Good morning! It’s “find-you-like-a-prospective-client-would” day.
It’s time to Google yourself, professionally. Not the name of your RIA, or your company, You.
What comes up on the first three pages? Check the images tab on the search. Is your pretty face found anywhere in the first 30 rows of images?
You’re an Expert
Prospective clients are looking for you. They are looking for information that confirms the positive things they have heard about you. When someone recommends you, your expert status needs to be validated by other sources. It has to be found somewhere other than your old bedroom’s trophy wall at your mom’s house.
BrightLocal’s 2014 consumer review survey shows that prospective clients want upwards of 10 reviews before making a decision to use your services. So if you are counting, the referral is one. More reference points are needed.

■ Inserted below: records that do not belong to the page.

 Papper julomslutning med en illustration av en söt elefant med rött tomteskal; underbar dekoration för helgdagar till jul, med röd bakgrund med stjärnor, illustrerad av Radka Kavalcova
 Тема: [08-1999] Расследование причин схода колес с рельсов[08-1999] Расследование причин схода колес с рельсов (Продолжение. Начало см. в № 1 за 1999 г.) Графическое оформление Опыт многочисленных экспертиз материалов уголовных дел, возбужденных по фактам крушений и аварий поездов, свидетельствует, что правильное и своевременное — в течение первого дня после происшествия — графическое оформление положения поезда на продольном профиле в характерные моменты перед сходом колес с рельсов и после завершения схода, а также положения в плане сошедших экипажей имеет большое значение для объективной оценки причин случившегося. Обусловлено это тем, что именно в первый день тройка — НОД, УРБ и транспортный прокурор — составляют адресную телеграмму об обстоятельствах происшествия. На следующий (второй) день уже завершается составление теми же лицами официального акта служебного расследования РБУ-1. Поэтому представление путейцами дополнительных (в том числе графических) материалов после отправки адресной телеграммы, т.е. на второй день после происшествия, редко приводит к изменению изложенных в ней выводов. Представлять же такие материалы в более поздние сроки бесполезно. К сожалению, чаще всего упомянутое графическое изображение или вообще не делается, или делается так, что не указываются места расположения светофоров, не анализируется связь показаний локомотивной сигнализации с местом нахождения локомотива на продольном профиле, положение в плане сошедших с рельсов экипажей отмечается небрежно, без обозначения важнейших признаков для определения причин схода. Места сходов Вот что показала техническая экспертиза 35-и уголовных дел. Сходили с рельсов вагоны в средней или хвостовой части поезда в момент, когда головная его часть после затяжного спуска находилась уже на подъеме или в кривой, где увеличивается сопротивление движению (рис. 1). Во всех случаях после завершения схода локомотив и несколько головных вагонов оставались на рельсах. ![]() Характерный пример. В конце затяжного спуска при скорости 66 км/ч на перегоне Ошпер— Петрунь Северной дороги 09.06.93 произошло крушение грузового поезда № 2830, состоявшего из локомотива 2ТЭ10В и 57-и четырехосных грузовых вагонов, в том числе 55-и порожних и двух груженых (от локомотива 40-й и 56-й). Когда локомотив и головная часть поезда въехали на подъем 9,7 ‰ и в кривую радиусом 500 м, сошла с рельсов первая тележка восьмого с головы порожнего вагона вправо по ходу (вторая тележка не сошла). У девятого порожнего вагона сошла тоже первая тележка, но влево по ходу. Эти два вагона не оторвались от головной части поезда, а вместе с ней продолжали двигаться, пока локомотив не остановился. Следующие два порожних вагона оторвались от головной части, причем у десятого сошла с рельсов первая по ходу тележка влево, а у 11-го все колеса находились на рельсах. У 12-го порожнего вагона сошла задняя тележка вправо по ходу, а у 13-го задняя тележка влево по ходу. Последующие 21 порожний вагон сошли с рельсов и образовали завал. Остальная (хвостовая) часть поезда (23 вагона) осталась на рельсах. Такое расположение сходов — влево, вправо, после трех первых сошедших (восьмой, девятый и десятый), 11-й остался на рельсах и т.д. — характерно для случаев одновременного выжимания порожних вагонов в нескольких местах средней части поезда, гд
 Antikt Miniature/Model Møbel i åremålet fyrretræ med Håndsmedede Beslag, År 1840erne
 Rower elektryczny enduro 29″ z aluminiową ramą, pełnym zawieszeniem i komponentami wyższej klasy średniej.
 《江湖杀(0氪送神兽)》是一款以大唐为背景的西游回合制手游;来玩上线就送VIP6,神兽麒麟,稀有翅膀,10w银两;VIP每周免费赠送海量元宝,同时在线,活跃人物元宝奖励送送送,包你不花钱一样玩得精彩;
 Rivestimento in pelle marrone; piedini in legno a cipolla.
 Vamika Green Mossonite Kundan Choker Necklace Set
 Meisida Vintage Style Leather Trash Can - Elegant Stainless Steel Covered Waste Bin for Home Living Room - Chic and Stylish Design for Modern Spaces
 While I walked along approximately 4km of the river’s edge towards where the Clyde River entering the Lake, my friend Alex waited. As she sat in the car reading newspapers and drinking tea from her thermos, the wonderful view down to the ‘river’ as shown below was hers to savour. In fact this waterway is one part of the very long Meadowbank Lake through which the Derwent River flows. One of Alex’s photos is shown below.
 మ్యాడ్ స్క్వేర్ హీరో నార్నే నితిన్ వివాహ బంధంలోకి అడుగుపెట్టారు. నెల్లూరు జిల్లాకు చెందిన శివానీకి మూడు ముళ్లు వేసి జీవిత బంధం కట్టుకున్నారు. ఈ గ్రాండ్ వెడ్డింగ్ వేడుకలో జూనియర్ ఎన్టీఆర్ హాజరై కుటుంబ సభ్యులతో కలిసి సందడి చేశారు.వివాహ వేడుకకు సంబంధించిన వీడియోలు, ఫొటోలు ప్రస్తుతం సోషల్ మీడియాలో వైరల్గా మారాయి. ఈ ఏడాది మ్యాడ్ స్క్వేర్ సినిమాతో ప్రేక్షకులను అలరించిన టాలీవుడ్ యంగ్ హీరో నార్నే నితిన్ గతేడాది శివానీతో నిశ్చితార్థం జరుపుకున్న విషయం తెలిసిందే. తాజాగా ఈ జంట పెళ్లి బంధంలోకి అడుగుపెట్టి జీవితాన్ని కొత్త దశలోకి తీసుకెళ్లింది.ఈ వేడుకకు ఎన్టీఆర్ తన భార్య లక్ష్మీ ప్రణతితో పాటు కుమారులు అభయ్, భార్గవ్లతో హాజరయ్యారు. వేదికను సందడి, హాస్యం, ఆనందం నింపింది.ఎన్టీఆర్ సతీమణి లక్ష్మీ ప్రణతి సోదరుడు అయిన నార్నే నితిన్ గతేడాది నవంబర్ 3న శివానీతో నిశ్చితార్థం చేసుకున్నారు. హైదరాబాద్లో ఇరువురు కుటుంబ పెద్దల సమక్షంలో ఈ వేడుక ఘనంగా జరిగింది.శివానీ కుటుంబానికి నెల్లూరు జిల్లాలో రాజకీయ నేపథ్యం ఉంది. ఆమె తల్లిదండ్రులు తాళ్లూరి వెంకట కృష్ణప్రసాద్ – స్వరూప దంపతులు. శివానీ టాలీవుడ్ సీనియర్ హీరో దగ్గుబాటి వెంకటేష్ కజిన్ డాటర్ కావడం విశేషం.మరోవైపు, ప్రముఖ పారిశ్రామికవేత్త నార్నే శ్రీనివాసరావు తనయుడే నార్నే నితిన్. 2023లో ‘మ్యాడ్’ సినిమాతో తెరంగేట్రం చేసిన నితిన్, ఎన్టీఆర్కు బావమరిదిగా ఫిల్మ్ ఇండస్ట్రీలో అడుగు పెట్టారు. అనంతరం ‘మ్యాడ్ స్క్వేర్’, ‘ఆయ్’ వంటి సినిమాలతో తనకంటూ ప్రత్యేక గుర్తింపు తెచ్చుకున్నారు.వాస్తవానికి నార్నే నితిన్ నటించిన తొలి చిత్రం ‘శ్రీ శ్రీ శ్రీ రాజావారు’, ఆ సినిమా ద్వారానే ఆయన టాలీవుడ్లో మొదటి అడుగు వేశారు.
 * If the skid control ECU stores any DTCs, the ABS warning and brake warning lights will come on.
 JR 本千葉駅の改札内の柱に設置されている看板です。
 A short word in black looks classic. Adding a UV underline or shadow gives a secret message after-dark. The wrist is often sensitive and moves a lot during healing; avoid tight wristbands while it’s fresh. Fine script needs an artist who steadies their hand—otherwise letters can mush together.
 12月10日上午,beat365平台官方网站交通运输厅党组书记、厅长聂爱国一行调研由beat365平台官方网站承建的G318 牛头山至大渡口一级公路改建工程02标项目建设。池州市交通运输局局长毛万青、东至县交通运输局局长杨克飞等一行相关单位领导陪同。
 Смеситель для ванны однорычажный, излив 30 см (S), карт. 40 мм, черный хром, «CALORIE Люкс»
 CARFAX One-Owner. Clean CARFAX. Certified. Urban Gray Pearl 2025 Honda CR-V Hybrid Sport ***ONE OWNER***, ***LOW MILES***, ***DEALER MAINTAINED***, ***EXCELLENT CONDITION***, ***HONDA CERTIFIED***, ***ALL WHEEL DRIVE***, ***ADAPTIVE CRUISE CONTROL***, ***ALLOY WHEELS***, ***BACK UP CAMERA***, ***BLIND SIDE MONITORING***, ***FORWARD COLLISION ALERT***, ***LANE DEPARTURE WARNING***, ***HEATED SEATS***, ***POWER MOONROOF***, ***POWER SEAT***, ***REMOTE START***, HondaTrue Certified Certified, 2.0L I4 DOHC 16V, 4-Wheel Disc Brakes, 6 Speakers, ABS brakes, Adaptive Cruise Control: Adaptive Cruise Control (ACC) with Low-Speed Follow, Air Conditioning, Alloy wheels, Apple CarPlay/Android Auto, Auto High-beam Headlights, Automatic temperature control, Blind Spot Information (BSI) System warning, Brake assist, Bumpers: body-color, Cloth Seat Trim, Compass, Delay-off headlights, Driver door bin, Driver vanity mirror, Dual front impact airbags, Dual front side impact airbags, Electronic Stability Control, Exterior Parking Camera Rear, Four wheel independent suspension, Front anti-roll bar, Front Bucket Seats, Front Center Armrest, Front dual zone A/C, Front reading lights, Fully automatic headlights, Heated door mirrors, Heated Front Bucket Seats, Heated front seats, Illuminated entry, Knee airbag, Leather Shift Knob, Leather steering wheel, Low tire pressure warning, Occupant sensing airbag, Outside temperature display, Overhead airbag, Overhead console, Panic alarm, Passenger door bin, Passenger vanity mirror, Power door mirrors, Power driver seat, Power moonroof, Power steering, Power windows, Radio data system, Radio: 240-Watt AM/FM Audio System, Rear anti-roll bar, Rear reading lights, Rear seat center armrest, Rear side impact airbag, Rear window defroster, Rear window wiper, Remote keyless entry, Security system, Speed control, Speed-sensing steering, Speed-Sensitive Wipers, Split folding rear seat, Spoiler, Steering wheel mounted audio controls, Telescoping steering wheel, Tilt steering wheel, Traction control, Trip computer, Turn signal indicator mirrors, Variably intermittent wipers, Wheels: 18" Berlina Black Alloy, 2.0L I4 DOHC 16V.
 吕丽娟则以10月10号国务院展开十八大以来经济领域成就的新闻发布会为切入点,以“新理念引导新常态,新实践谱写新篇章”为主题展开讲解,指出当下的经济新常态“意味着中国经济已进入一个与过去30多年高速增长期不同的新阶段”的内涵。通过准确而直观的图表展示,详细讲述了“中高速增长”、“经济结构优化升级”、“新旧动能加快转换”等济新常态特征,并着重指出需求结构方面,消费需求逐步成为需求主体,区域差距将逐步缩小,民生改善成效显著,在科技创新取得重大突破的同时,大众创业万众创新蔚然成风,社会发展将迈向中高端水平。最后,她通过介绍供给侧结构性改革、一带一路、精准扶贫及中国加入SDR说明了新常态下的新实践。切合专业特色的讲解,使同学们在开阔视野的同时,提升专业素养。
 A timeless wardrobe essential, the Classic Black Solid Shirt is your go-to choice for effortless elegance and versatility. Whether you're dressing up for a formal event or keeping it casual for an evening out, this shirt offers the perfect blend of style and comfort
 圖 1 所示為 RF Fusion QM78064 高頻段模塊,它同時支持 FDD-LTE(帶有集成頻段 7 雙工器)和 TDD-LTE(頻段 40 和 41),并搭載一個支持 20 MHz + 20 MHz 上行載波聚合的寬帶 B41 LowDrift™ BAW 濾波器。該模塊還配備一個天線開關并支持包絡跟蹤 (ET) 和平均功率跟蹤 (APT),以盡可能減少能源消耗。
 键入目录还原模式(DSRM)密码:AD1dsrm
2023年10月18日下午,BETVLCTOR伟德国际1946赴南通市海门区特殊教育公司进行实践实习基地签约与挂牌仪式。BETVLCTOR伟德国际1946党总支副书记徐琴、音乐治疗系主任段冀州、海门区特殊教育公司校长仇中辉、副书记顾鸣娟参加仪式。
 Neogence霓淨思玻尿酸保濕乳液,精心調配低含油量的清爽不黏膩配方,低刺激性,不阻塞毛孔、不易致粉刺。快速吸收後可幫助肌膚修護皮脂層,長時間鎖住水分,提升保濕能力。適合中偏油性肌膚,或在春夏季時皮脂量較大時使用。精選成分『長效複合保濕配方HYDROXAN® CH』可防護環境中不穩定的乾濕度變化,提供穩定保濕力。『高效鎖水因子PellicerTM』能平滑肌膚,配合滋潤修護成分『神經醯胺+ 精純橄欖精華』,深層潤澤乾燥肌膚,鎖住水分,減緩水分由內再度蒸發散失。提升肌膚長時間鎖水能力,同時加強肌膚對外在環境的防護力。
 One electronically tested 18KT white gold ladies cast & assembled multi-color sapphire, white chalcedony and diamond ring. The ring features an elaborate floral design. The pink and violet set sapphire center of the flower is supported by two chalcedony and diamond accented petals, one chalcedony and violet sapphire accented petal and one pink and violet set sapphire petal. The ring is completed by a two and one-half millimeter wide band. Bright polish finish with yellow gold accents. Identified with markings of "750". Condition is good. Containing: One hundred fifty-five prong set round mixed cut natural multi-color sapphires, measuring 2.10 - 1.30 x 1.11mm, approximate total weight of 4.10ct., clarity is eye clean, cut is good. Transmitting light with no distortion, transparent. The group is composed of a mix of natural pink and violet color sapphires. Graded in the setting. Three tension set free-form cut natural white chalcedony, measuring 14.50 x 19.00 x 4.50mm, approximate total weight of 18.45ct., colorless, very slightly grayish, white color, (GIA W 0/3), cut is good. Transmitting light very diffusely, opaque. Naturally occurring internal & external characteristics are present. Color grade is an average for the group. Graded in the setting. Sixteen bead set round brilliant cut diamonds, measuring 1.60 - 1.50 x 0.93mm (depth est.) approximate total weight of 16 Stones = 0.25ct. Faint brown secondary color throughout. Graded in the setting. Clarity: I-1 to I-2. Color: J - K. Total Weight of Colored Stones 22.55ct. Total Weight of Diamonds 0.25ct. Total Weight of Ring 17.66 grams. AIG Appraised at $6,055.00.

If information is not readily available, where do people look? BrokerCheck (FINRA’s database of advisors and investment firms) logged almost 20 million searches last year as consumers went digging for information. Yet, this information only confirms that you exist. It does little to validate your years of experience and education.
Danger of Not Being Found
There are, of course, dangers in having limited digital exposure. It can leave you wildly exposed to anyone who might write about you.
I recently sat with an advisor at Wells Fargo who is in his mid-fifties. He stated he was happy that there was limited information about him online and he wanted to keep it that way. We were sitting in his office, so I asked him to Google himself. On page one, the second search result displayed two unflattering reviews about him.
“What?!? Where did those come from?” He was beside himself. He embarrassingly spit out stories of two clients who had lost money in 2008. “It was 7 years ago! How do I get those taken down?”
With little more than a company website to represent you online, advisers can find themselves in the untenable position of having others control the message about their professional skills. For better and often times worse, most of the review sites are found on page one in search results. Having negative information show up in search results can directly affect an adviser’s ability to convert referrals.
Every Financial Professional Needs a Website: You control the message
Having an informative, well designed website sends a message that you exist, you are an expert, and have history in your industry. The reality is “showing up” is half the battle. People want to believe you are the expert the referral touted. Having a website that confirms that information multiple times and in multiple ways allows prospective clients to shorten their search for information about you.
More information is better
Search engines such as Google, Yahoo!, and Bing like records. The more the better. The more positive information that can be found about you the better the search outcomes.
Here’s what your website should have:
This may seem obvious but it is frequently overlooked. Make sure prospective clients visiting your site can reach you at the office. Don’t be afraid to put your corporate phone number on your site. The price you pay for transparency and access is worth its weight in new clients. No need to build a contact form. Contact forms with email style collection boxes are not widely used by people just doing background searches. Ideally, your name and contact information would be in the header or footer of every page.
An “About Me” page
Having an “About Me” page can be helpful to prospective clients as it can provide access points where common interests can be shared. Where you went to school, a few details about family, and hobbies are plenty to humanize you and allows for a measure of personal connection. This is the place to highlight professional experience, awards, accomplishments, and all things that bring you professional notoriety—but be sure to keep it professional and brief.
There is no greater asset to the financial advisor needing passive validation than a blog of articles. Blog articles can show:
History of experience – articles that cover specific historical events: market crashes, political events, etc.
Topical expertise – articles covering a wide range of financial issues, concerns, and challenges
Expert consistency – consistent writing demonstrates your experience over a long period of time
Links to Social Media
Having links to your professional social media pages where you contribute regularly confirms in another dimension that you exist, are professional, and others are listening to your expert advice. Make it easy for people to “discover” it for themselves.
Links to press
If you contribute to publications or have had press written about you your website is an appropriate place to showcase this information.
Remember, prospective clients care much less about the reputation of your company and need to believe you are the expert who will solve their problem. Focus on creating a mountain of information about yourself that demonstrates this effectively and your next referrals will be a breeze.